YOUR INSTRUCTIONS —
Give back exactly the lines from the one that holds "- Tactial style" through the final line of the data; omit the pictures and add nothing.

SUPPLIED INFORMATION —
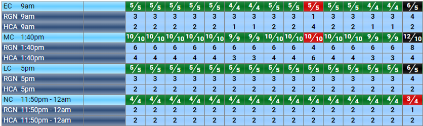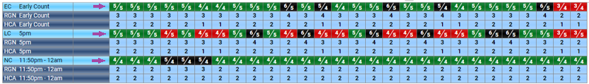 every shift that crosses each main code time is counted. The shifts are at the top and the needs totals are underneath:
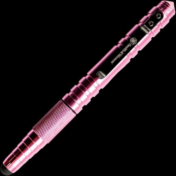 - Tactial style pen made from pink T6061 aircraft grade aluminum, twist cap lid with a stylus tip for use on touch screen devices. Ball point pen with pocket clip for easy transportation.
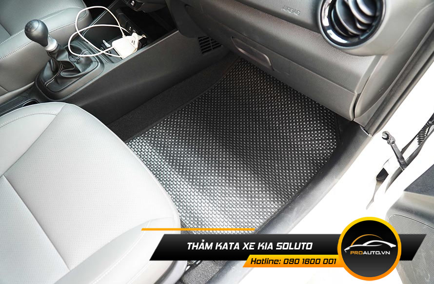 Thảm lót sàn Kata có tính năng bảo vệ tối đa phần sàn ô tô, hạn chế bụi bẩn từ bên ngoài gây hại cho nội thất ô tô. Với chất liệu PVC cao cấp, bền bỉ và dễ dàng vệ sinh, thảm lót sàn KATA là phụ kiện cần thiết cho Kia Soluto.
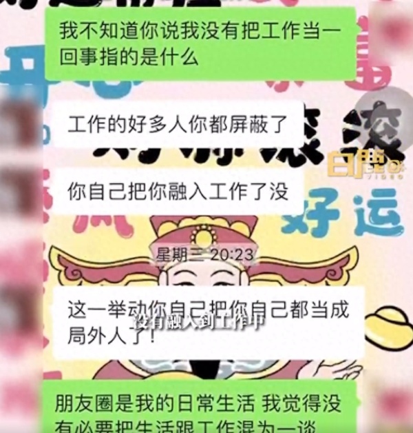 张女士(化名)称,自己突然收到老板发的信息,说觉得自己没有把工作当回事,询问原因是老板回复说自己朋友圈屏蔽了好多人,没有融入工作中,觉得自己不适合这份工作,之后又说同事觉得自己不合群。

EXERCISE OUTPUT —
 - Tactial style pen made from pink T6061 aircraft grade aluminum, twist cap lid with a stylus tip for use on touch screen devices. Ball point pen with pocket clip for easy transportation.
 Thảm lót sàn Kata có tính năng bảo vệ tối đa phần sàn ô tô, hạn chế bụi bẩn từ bên ngoài gây hại cho nội thất ô tô. Với chất liệu PVC cao cấp, bền bỉ và dễ dàng vệ sinh, thảm lót sàn KATA là phụ kiện cần thiết cho Kia Soluto.
 张女士(化名)称,自己突然收到老板发的信息,说觉得自己没有把工作当回事,询问原因是老板回复说自己朋友圈屏蔽了好多人,没有融入工作中,觉得自己不适合这份工作,之后又说同事觉得自己不合群。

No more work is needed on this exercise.